The date was June 15, 1992. It was campaign season. President George H.W. Bush and Vice President Dan Quayle were losing ground in the polls, and on this Monday morning Quayle was scheduled for a few campaign stops. After a 45-minute speech in Manhattan on the failure of Democratic policies in New York, it was time to head down to the Munoz Rivera School in Trenton, New Jersey, where the vapid veep was scheduled to sit in on the "Weed and Seed" anti-drug program, followed by a staged spelling bee.
Enter spelling bee participant William Figueroa, a chubby Puerto Rican 12-year-old from South Trenton whose unintentional stint in the political sphere would soon become the subject of many a comic routine. Figueroa stood at the chalkboard. The word was given: Potato. He printed it out in chalk: P-O-T-A-T-O.
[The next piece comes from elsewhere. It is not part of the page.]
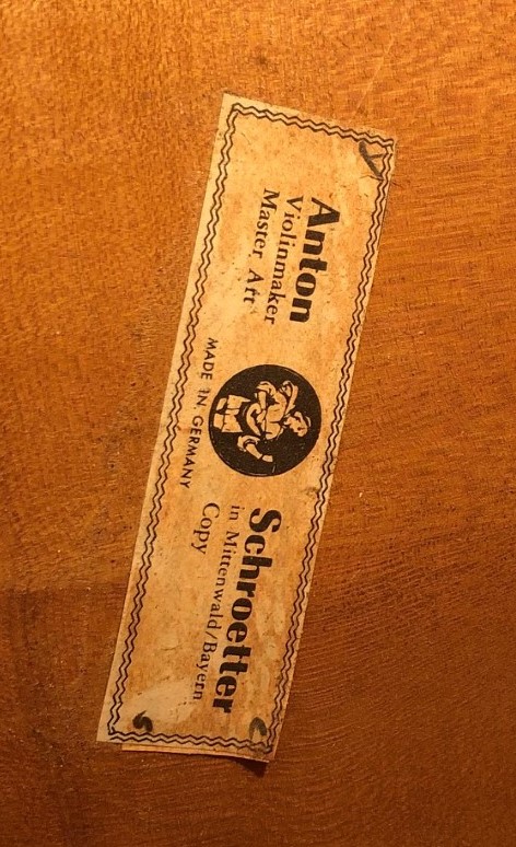 This Bass, although labelled Anton Schroetter is actually a brand made by Hofner and both companies have the exact same address. Other than the label, it's the same exact instrument and model I have seen labeled as Hofner. I had this exact bass in a 4/4 model 5-string just a few years ago made in 1977. This bass was purchased around 1959-1960 by a high-school student in his teens and kept the bass in this immaculate condition for nearly 60 years. I think this bass dates from about the late 1950s and was sold as a new instrument then. I can't recall seeing another bass in this condition that is 60 years old. Everything on this bass, EVERYTHING is original. The strings are the original/original orchestra Flexocors with the wire wrappings around the silk ends in the Pegbox that are from that era as well but the bass may have come originally with Guts.

"You’re close," Quayle said, "but you left a little something off. The e on the end."
Young William was pretty sure he'd gotten the word right, but since this was the Vice President talking, he added the "e" anyway and sat down as scant applause came from the onlookers. When the event wrapped up, a reporter approached him, clutching a dictionary. He asked, "Did you know that you spelled potato right?"
The rest is pure gold. At a press conference held afterward, a reporter (perhaps the same one as before) was called on by Quayle for a question. The inevitable question came, "How do you spell potato?" Quayle (according to his 1994 memoir, Standing Firm) "...gave him a puzzled look, and then the press started laughing. It wasn’t until that moment that (Quayle) realized anything was wrong." Apparently, none of Quayle's staff had informed him of his gaffe.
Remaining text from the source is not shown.